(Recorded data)
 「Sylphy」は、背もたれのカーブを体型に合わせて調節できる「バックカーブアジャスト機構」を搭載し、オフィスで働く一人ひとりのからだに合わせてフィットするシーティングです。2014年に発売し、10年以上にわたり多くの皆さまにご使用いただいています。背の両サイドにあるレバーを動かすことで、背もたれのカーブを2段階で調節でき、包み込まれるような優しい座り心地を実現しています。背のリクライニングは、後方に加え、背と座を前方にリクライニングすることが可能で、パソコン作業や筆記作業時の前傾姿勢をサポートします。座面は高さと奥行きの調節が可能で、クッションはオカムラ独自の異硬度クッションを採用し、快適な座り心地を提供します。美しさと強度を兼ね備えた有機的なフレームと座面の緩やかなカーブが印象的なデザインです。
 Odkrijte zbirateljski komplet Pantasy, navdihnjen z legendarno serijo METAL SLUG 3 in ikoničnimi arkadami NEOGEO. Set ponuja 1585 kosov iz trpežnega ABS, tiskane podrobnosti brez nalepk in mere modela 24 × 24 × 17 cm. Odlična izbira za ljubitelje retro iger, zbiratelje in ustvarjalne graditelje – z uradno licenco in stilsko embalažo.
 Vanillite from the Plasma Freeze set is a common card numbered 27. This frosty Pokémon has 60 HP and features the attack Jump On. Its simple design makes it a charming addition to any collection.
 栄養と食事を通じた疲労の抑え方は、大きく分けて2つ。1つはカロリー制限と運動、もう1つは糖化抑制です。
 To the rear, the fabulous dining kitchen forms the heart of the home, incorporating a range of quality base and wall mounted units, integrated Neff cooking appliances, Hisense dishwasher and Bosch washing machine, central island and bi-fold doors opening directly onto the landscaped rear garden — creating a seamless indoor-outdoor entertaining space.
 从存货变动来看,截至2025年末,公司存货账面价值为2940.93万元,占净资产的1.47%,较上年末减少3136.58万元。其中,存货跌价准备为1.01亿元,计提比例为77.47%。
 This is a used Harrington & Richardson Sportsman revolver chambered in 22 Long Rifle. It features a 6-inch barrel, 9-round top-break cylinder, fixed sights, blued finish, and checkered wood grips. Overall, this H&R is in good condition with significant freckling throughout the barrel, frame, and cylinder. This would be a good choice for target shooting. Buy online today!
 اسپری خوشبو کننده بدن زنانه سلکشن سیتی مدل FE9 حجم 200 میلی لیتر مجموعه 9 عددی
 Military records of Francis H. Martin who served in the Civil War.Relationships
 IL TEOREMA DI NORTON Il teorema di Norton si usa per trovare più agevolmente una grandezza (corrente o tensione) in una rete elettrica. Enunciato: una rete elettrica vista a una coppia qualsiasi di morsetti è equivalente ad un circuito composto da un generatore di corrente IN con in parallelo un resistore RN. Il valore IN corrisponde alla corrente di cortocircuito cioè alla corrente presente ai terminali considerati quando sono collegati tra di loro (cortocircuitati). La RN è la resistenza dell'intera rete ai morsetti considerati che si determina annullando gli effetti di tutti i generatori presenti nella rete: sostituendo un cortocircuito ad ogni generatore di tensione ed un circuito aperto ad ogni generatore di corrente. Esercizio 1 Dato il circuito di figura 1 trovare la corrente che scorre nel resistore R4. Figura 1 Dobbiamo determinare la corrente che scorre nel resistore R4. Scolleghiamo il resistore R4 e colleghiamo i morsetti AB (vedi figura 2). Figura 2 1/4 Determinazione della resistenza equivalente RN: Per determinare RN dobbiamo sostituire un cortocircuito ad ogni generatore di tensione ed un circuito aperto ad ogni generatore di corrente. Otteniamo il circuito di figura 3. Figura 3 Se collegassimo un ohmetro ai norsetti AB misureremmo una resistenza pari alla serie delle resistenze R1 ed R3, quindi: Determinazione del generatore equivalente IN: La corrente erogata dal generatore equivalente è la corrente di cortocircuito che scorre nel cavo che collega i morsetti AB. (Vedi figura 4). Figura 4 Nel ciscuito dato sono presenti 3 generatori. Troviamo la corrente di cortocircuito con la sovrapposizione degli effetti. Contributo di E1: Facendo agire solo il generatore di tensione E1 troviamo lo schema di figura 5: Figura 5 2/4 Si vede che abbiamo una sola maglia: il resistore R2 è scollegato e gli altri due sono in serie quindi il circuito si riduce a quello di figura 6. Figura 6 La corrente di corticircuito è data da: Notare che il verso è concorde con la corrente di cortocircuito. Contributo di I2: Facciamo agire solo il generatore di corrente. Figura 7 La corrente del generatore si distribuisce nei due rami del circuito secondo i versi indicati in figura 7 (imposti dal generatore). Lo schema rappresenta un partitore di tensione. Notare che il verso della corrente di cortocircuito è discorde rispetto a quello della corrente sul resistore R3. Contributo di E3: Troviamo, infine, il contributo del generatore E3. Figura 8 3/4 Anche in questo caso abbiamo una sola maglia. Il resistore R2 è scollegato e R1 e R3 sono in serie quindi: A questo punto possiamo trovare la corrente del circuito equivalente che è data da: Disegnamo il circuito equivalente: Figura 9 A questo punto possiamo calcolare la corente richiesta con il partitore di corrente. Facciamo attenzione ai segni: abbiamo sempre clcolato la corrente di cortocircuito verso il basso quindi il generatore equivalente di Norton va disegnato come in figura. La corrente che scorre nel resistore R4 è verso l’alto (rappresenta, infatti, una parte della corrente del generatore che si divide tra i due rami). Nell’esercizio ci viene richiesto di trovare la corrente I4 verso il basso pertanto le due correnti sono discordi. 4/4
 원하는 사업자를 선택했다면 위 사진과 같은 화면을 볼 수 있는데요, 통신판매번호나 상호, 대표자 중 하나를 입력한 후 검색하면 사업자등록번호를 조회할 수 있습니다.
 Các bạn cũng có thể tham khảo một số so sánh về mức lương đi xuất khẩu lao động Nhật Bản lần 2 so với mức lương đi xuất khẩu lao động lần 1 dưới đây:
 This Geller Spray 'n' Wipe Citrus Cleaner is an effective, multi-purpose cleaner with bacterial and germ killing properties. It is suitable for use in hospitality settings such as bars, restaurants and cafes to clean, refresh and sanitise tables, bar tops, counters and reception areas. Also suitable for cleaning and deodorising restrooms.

Instructions for the task: Reproduce exactly, and only, the lines from the start of the entries through the one that contains "اسپری خوشبو کننده".

Response to this exercise:
 「Sylphy」は、背もたれのカーブを体型に合わせて調節できる「バックカーブアジャスト機構」を搭載し、オフィスで働く一人ひとりのからだに合わせてフィットするシーティングです。2014年に発売し、10年以上にわたり多くの皆さまにご使用いただいています。背の両サイドにあるレバーを動かすことで、背もたれのカーブを2段階で調節でき、包み込まれるような優しい座り心地を実現しています。背のリクライニングは、後方に加え、背と座を前方にリクライニングすることが可能で、パソコン作業や筆記作業時の前傾姿勢をサポートします。座面は高さと奥行きの調節が可能で、クッションはオカムラ独自の異硬度クッションを採用し、快適な座り心地を提供します。美しさと強度を兼ね備えた有機的なフレームと座面の緩やかなカーブが印象的なデザインです。
 Odkrijte zbirateljski komplet Pantasy, navdihnjen z legendarno serijo METAL SLUG 3 in ikoničnimi arkadami NEOGEO. Set ponuja 1585 kosov iz trpežnega ABS, tiskane podrobnosti brez nalepk in mere modela 24 × 24 × 17 cm. Odlična izbira za ljubitelje retro iger, zbiratelje in ustvarjalne graditelje – z uradno licenco in stilsko embalažo.
 Vanillite from the Plasma Freeze set is a common card numbered 27. This frosty Pokémon has 60 HP and features the attack Jump On. Its simple design makes it a charming addition to any collection.
 栄養と食事を通じた疲労の抑え方は、大きく分けて2つ。1つはカロリー制限と運動、もう1つは糖化抑制です。
 To the rear, the fabulous dining kitchen forms the heart of the home, incorporating a range of quality base and wall mounted units, integrated Neff cooking appliances, Hisense dishwasher and Bosch washing machine, central island and bi-fold doors opening directly onto the landscaped rear garden — creating a seamless indoor-outdoor entertaining space.
 从存货变动来看,截至2025年末,公司存货账面价值为2940.93万元,占净资产的1.47%,较上年末减少3136.58万元。其中,存货跌价准备为1.01亿元,计提比例为77.47%。
 This is a used Harrington & Richardson Sportsman revolver chambered in 22 Long Rifle. It features a 6-inch barrel, 9-round top-break cylinder, fixed sights, blued finish, and checkered wood grips. Overall, this H&R is in good condition with significant freckling throughout the barrel, frame, and cylinder. This would be a good choice for target shooting. Buy online today!
 اسپری خوشبو کننده بدن زنانه سلکشن سیتی مدل FE9 حجم 200 میلی لیتر مجموعه 9 عددی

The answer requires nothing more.